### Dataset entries
·····
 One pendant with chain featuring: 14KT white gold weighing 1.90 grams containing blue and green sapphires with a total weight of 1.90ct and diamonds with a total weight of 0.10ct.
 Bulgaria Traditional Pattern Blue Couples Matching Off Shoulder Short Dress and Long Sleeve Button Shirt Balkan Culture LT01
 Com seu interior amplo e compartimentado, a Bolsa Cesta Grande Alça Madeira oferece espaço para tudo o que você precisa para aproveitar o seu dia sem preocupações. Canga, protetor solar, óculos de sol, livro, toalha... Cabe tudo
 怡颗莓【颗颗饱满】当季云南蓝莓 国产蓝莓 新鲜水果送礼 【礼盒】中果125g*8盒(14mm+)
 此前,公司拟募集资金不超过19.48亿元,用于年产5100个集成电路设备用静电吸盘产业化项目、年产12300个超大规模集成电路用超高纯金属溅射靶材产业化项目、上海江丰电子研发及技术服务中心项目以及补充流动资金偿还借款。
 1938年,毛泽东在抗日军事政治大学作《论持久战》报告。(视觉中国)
·····
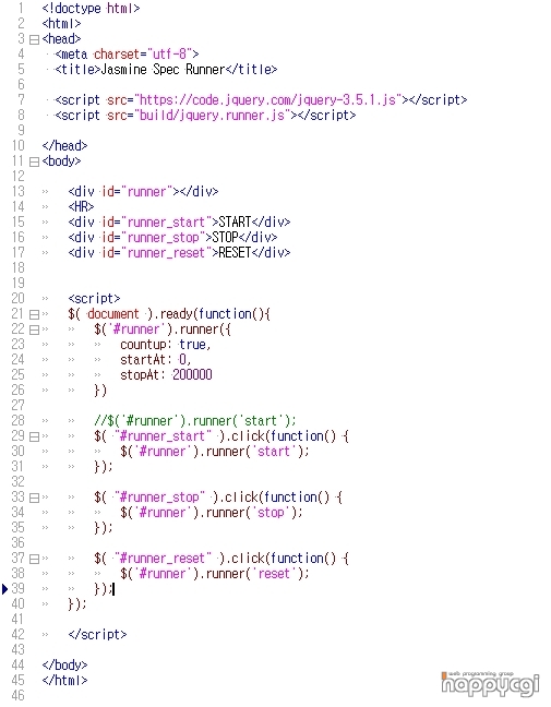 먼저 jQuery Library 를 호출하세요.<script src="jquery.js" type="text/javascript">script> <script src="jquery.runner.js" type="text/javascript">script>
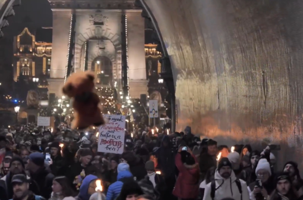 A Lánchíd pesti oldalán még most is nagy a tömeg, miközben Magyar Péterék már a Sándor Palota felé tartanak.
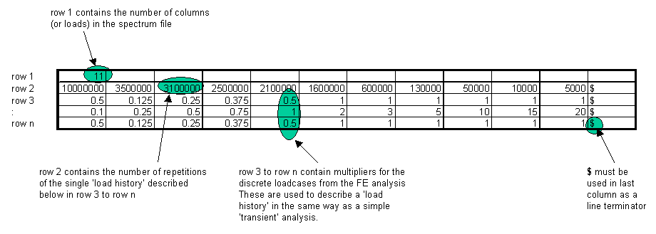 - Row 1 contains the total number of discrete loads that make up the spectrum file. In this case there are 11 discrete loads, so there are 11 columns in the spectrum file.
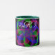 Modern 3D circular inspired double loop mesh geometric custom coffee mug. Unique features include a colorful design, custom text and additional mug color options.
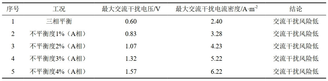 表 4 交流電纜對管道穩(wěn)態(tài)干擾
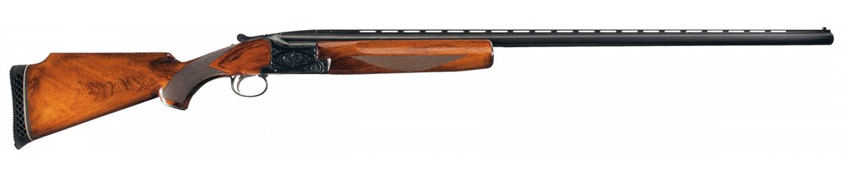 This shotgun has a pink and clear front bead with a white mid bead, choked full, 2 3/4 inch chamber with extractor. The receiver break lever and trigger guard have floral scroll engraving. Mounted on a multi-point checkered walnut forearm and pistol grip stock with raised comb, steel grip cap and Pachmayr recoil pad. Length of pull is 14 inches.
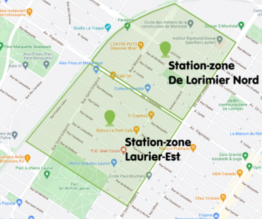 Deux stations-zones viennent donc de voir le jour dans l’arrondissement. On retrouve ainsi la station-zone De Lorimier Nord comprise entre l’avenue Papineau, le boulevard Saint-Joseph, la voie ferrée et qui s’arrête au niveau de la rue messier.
·····
### Exercise instructions
Exactly the lines above from the one with "One pendant with" to the one with "Bulgaria Traditional Pattern", both included, are to be quoted; leave the rest out.

### Exercise answer
 One pendant with chain featuring: 14KT white gold weighing 1.90 grams containing blue and green sapphires with a total weight of 1.90ct and diamonds with a total weight of 0.10ct.
 Bulgaria Traditional Pattern Blue Couples Matching Off Shoulder Short Dress and Long Sleeve Button Shirt Balkan Culture LT01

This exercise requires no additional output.